Etre bien noté dans les réseaux sociaux rapporte des patients via Doctolib
Fernando de Amorim
Paris, le 11 avril 2020
Une dame, charmante, il faut le dire, et je l’écris très sincèrement, a pris rendez-vous avec moi sur le site Doctolib, site que je ne connaissais pas mais auquel je me suis abonné pour être à la page et parce que je me suis laissé influencer par quelqu’un qui compte. Ce quelqu’un qui déjà, il y a quelques années, m’avait interpellé après une supervision : « Monsieur, vous ne pouvez pas ne pas avoir un site internet ! ». C’est grâce à lui qu’aujourd’hui j’ai un site internet à mon nom, mais aussi un Facebook et désormais un compte Doctolib. Bien entendu je n’ai pas les codes, je ne sais pas si j’ai les mots de passe pour y accéder et donc… je n’y vais jamais.
Ces instruments de notre modernité doivent être utilisés psychanalytiquement, c’est-à-dire, de telle sorte qu’ils puissent porter l’être, le patient comme le praticien, qu’il soit médecin, psychologue, psychiatre ou psychothérapeute, vers la construction de position de sujet et ainsi continuer à occuper la position d’objet d’une machinerie imaginaire qui ne pouvait être arrêtée que par le Réel, dans notre cas de figure, le Réel est incarné aujourd’hui par un virus.
Ainsi, j’appelle téléphoniquement la dame qui a pris rendez-vous dans un mois.
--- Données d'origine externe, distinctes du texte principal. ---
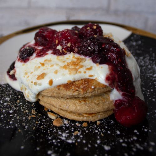 Base de proteína sin carbs, queso crema, huevo, vainilla y fruta del monje: ON TOP frutos rojos, crema de almendra y coco sin azúcar

Je lui demande pour quelle raison une date si lointaine.
– Ce n’est pas urgent donc ?
– Elle : Non !
– Donc vous n’êtes pas souffrante ?
– Elle : Ҫa dépend de ce qu’on entend par souffrante…
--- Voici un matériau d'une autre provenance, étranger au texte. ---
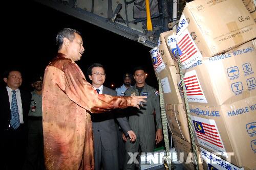 新華網吉隆坡6月9日電(記者 熊平)馬來西亞政府向中國四川地震災區捐助的首批物資9日晚從吉隆坡附近的梳邦空軍基地起程,運往四川地震災區。
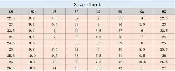 size_info: {"sizeInfoList":[{"length":{"cm":"22.5","inch":"8.86"},"size":"35","vid":-1},{"length":{"cm":"23","inch":"9.06"},"size":"36","vid":-2},{"length":{"cm":"23.5","inch":"9.25"},"size":"37","vid":-3},{"length":{"cm":"24","inch":"9.45"},"size":"38","vid":-4},{"length":{"cm":"24.5","inch":"9.65"},"size":"39","vid":-5},{"length":{"cm":"25","inch":"9.84"},"size":"40","vid":-6},{"length":{"cm":"25.5","inch":"10.04"},"size":"41","vid":-7},{"length":{"cm":"26","inch":"10.24"},"size":"42","vid":-8},{"length":{"cm":"26.5","inch":"10.43"},"size":"43","vid":-9}]}

– Qui vous a donné mes coordonnées ?
– Elle : Vous êtes bien noté sur internet.
Avec de tels indicateurs cliniques, je lui conseille de garder son argent.
Les gens pensent que la médecine est devenue un objet jetable. La preuve de cela est que récemment, des médecins m’ont signalé que les gens prennent rendez-vous sur Doctolib et annulent « sans scrupule, sans justificatif, sans gêne », selon l’un d’eux.
Je suis bien noté, mais je pourrais tout aussi bien l’être mal. Je ne sais pas en quoi je mérite une bonne ou une mauvaise note de la part de gens que je ne connais ni d’Êve ni d’Adam. Les gens qui ont l’autorité de juger mes opérations cliniques me fréquentent quotidiennement, d’une manière ou d’une autre.
Quand j’avais nommé « populace internautique » ces zombies derrière leur écran qui disent ce que doit ou ne doit pas faire le Président de la République, le Premier Ministre ou le Ministre de la Santé à propos de la crise que nous traversons, je souhaitais mettre en évidence la puissance qu’a l’Imaginaire dans notre société, et, il faut le reconnaître, à faire et défaire l’honneur d’un homme. Avec des effets dans la réalité de la vie de ceux qui subissent leurs foudres.
Si j’étais mal noté sur internet, cette missive serait la plainte d’un malheureux. Comme je suis bien noté, je peux dire ce que j’ai toujours défendu : nous vivons dans un pays très solide. Ce qui n’est pas solide ce sont nos vies. Aujourd’hui ici, demain mort. Simple comme bonjour.
Quand je reçois quelqu’un, je vais à l’essentiel, comme le fait n’importe quel clinicien. J’écris clinicien, pas praticien. Pour un clinicien, pas de salamalec. La relation clinique avec un psychanalyste – différemment de celle avec le psychologue, le psychiatre, le psychothérapeute, les techniciens du comportement que sont les técécistes – exige de l’héritier de Freud qu’il a à l’esprit que celui qui souffre ne vit pas convenablement, de là l’importance d’une formation exigeante, ce qui est le cas de la formation du psychanalyste français. Comme un félin, le psychanalyste doit saisir le bon moment pour dire comme pour se taire.
Comment faire naître le désir voilé, oublié, troublé ? En dégageant, avec courtoise et bienveillance, dès le premier contact par téléphone, les demandes, les tentatives de séduction, les tromperies.
Les gens annulent les consultations, parce qu’à l’autre bout du fil il n’y a personne.